Иван кивнул и окончательно поверил, что промежуточное это состояние, в котором пребывал все эти годы после детства, как куколка, в которой смутно брезжит будущая жизнь, теперь закончилось и начинается под руководством Эдисона что-то новое: родная и чужая небывалая Москва, по улицам которой мать ходила им беременной, великая пустошь привольной и нищей страны, соленый железистый вкус русской речи, которым ты опять ошеломлен, как в детстве — вкусом собственной горячей жирной крови, которая течет из свежего пореза на костяшках или рубиновой капелью шмякается в прах — как будто из испорченного крана, из носа, сокрушенного чужим мосластым кулаком… и женщины, которые проходят мимо, нечаянно, бездумно задевая тебя душистым краем своей здоровой силы и отмытой молодости…
Все это — родина, язык и женщины — соединялось в целое, в единую густую, горячую субстанцию, которая должна была вот-вот прорваться, вспыхнуть, хлынуть из свежего пореза, ссадины, пробоины… прав, прав был Эдисон, когда он говорил про «первобытный синкретизм»… и подхватить его, Ивана, вечной неумолимой убийственной тягой, той самой, которая в осенний гон сшибает лося с летящей по шоссе машиной и торжествует над диктатом разума или защитного инстинкта в каждом существе, будь то сторожкий селезень или себя стыдящийся, пугливый, неуклюжий парубок уже с колючей жесткой щеточкой над верхней губой.
Волчья сыть
1
Полуторатонный нагульновский крейсер, сияя черным лаком кузова и хромом мощной радиаторной решетки, со скоростью сто километров в час прошел, распугивая встречных и параллельных тихоходов, по Суворовской, свернул на территорию Черкизовского рынка — угрозно посигналив пасущимся парнокопытно, жвачно дебилам в камуфляже ЧОП «Центурион» — мгновенно узнали, подняли шлагбаум, впустили.

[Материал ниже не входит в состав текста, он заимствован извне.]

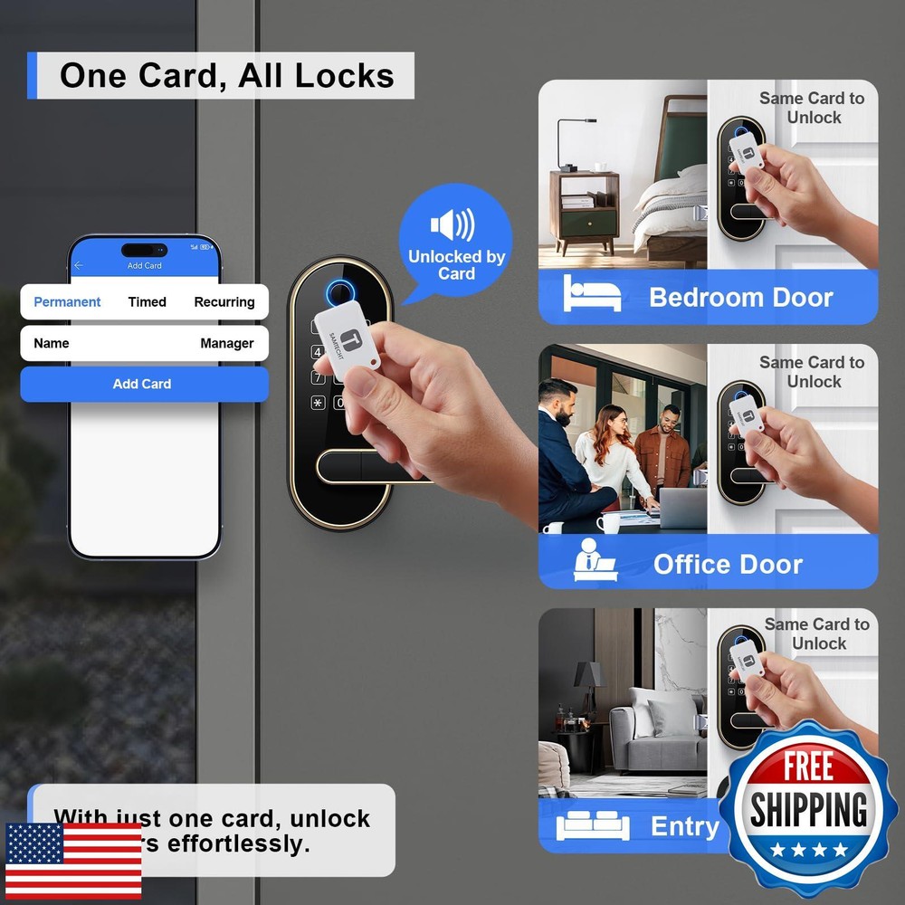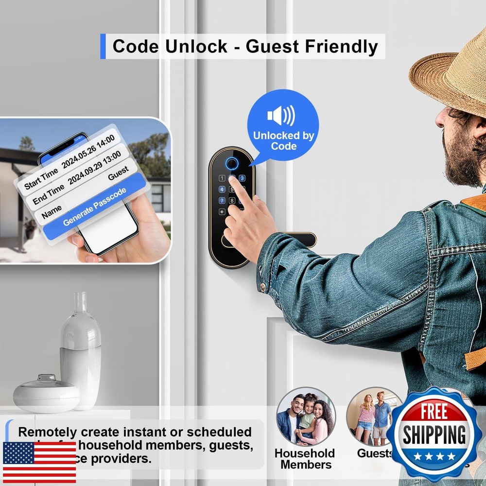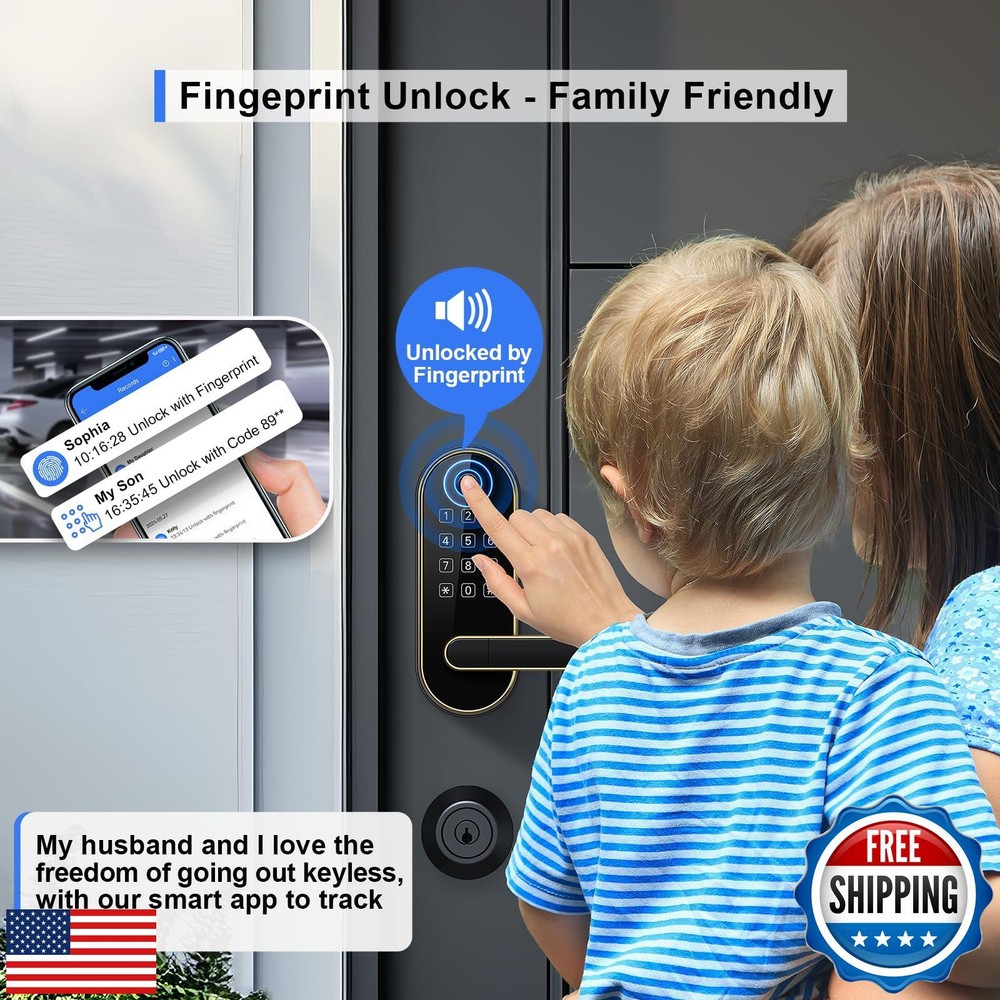 Keyless-Entry Keypad Fingerprint Smart Lock: Digital Door Lock with Code Passcode, Electronic Door Handle, Biometric Door Knob for Entry Door, Bedroom Door (Gold) Features [Fingerprint Unlock - Family Friendly] Unlocking with a fingerprint takes just 0.3 seconds, offering quick access for family members; our 508 DPI high-resolution fingerprint sensor ensures up to 99.99% recognition rate; track all unlocking history using the smart app. [Code Unlock - Guest Friendly] Remotely create instant or scheduled door codes for family, visitors, and guests using the smart app, even when you are not at the property; ideal for homeowners, rental hosts, and property managers. [Secure Your Home] Automatic door locking to ensure your door is always locked after you leave; an alarm will trigger if unwanted intruders try to enter; privacy mode disables all access methods from outside when you need it; stay informed about your door's activity with all security alerts pushed to your smart app. [One Card, All Locks] Use one card to unlock all doors, eliminating the need to carry multiple keys and the confusion of which key is for which door; this feature is especially friendly for property managers who manage many properties. [Voice Control] Works with Amazon Alexa and Google Assistant for hands-free control through voice commands like "lock the front door”, "unlock the front door”, "check lock status”, etc. (Gateway Required, Sold Separately) [Locks Management] Manage all the locks via the smart app and web portal; log in web portal with your app credentials. [Easy Installation] Easy to install with just a screwdriver in 20 mins; no extra drilling needed; no hardwiring; door handle is reversible for both right-handed and left-handed doors. Shipping Free & Fast Shipping: We offer free shipping to most of the USA with a normal delivery time of 3-7 days. However, due to the current situation, additional delivery time (up to 3 weeks) may be required for some items. Alternative Carriers: We may use alternative carriers (e.g., USPS, FedEx, UPS) to ensure your package arrives safely and on time. Due to the use of multiple carriers, we are unable to provide a tracking number automatically. Handling Time: Orders are processed and shipped within 1-2 business days of receiving cleared payment. Shipping Restrictions: Shipping to Alaska, Hawaii, Puerto Rico, Guam, and other US territories may incur shipping charges or delivery restrictions. Please contact us before ordering, or your order can be refunded/cancelled. State Restrictions: Certain items may not be shipped to California due to state regulations. Contact for Tracking Updates: If you require tracking updates or have any concerns about the delivery of your order, please feel free to contact us, and we will be happy to assist you. Return Policy 30-Day Hassle-Free Returns: If you are not completely satisfied with your purchase, you can return the item for free within 30 days of receiving it for a full refund or exchange. Easy Return Process: Contact us, and we will provide you with a prepaid return shipping label and detailed instructions. No Restocking Fee: There are no restocking fees for returns. However, the buyer is responsible for return shipping costs if the return is not due to a seller's error. Refund Processing: Refunds will be processed within 1 business day of receiving the returned item in its original condition. Payment We accept all major credit cards, PayPal, and Apple Pay for your convenience. Your payment information is secure and encrypted to ensure a safe and seamless transaction. Please complete your payment within 3 days of purchase to avoid any delays in shipping. Feedback Your feedback is extremely important to us. We strive to provide the best products and customer service possible. If you are satisfied with your purchase, please take a moment to leave us a positive review. If you have any concerns or issues with your order, please contact us before leaving negative feedback. We are committed to resolving any problems and ensuring your satisfaction. Contact Us If you have any questions or concerns, please feel free to reach out to our customer support team. You can contact us through the eBay messaging system. We are available Monday to Friday, 9:00 am to 5:00 pm EST, and we will do our best to respond to your inquiry within 24 hours. Thank you for supporting our small family business!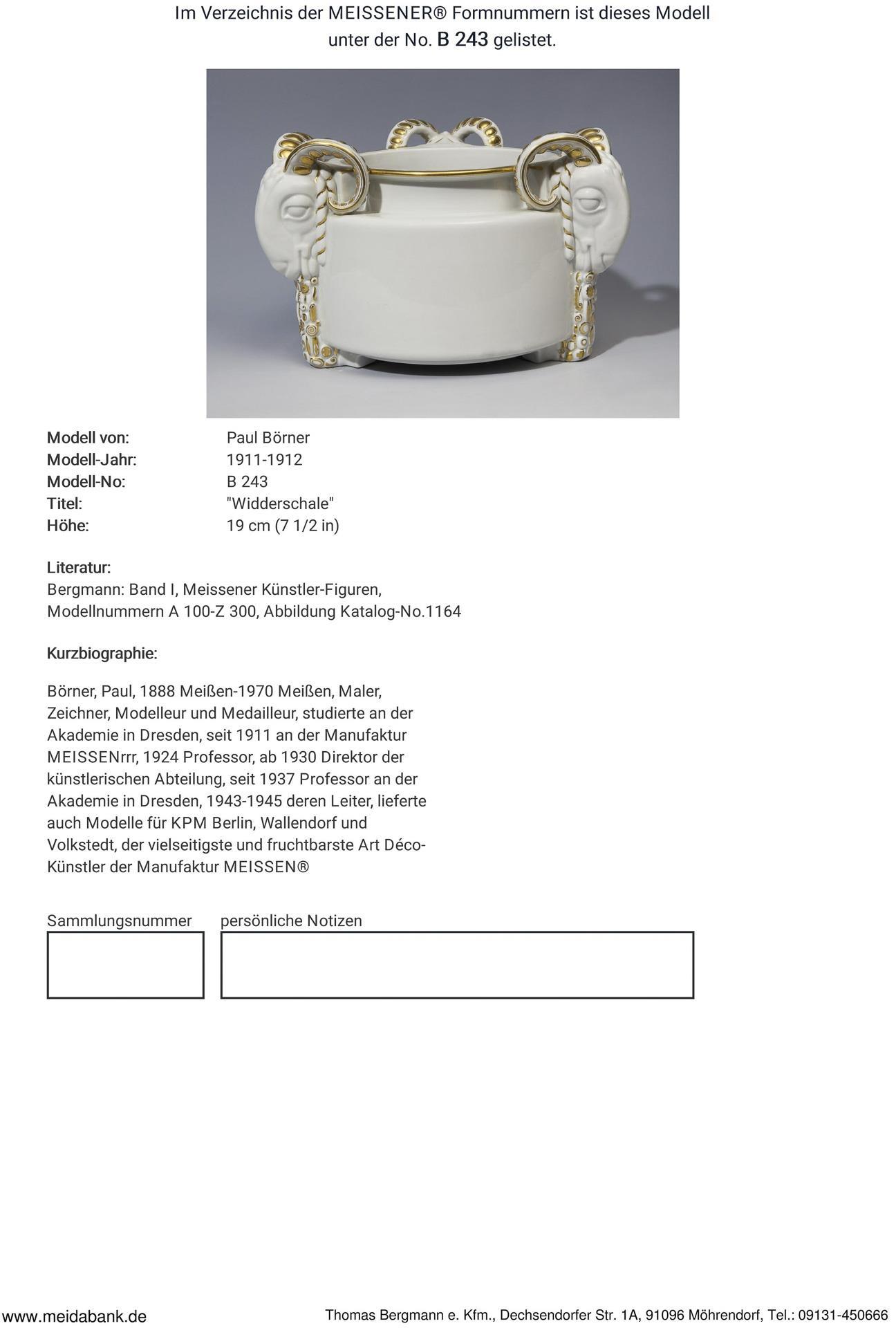 Börner, painter, draughtsman, modeller, medallist, studied at the academy in Dresden. From 1911 at the Meissen manufactory, from 1930 director of the art department. Professor at the academy in Dresden from 1937 * Partner auction Bergmann.

Мимо стеклянных павильонов с контрафактным видео, мимо обменных пунктов и киосков лотерей, мимо салонов операторов мобильной связи, мимо колбасных лавок и витрин с цветами прошел и подрулил к бревенчатому терему кафе «Золотой петушок» — неофициальной штаб-квартиры страшного майора, здесь он за чашкой чая, рюмкой или бутылкой «Нарзана» принимал районных чебурашек; сюда шли с просьбой, жалобой, данью и подношением окрестные купчишки; здесь он обедал, оценив дешевую и сытную жратву… а где еще найдешь в районе свиной шашлык за полтораста, нормально сделанный из свежей туши специально для дорогого гостя?
Майор ввалился, огляделся, ища среди привычных, знакомых рож назначившего встречу коммерса: барыга, Шорников, устроился в углу — цветущий, плотный, дюжий, гастрономического выкорма, лет сорока, детина, в той форме, когда энергичность еще не задавлена пустой рыхлой массой тела, с лоснящейся и подкопченной нездешним солнцем мордой; пальто из чистой шерсти брошено на спинку стула, рубашка за косарь примерно зелени… хряк, впрочем, малость спал с лица от приключившихся с ним явно не грошовых неурядиц… не спится по ночам, жена не понимает, шепчет — «что?»… глаза тревожно бегают, простуженно мигают, пальцы — с отполированными маникюршей ногтями — чечетку отбивают на столешнице.
Хотел уже шагнуть к нему, как в спину крикнула стоящая за стойкой знакомая официантка:
— Эй, где твое «здравствуй»?
— Ну, здравствуй, Натэлла. — Что ж так стареют быстро бабы, страшно, как жестко им кладет предел природа — до тридцати пяти, привлечь самца горячей плотью, крепким выменем, зачать и выносить, и все, под горку — сохнуть, выцветать, дряхлеть.
— Чего сегодня будешь? Баранину? Свинину?
— Давай свиной две порции.
— Салат?
— Не надо. Скажи, чтоб хлеба свежего подали, черного. И соус тоже свежий. Бутылку «Нарзана» мне дай.
— Армен с тобой хотел поговорить. Проблемы. Рэкет, — с какой-то детской важностью, со вкусом она произнесла давно позабытое слово.
— Что ты мелешь, овца? Какой на хрен рэкет?
— Приехали какие-то. С Арменом говорили, он сказал. Еще сожгут нас. Менты какие-то чужие.
— Лады, поговорю с Арменом… — Нагульнов двинулся к барыге, спросил: «Вы Игорь?», хотя нужды в том не было, конечно.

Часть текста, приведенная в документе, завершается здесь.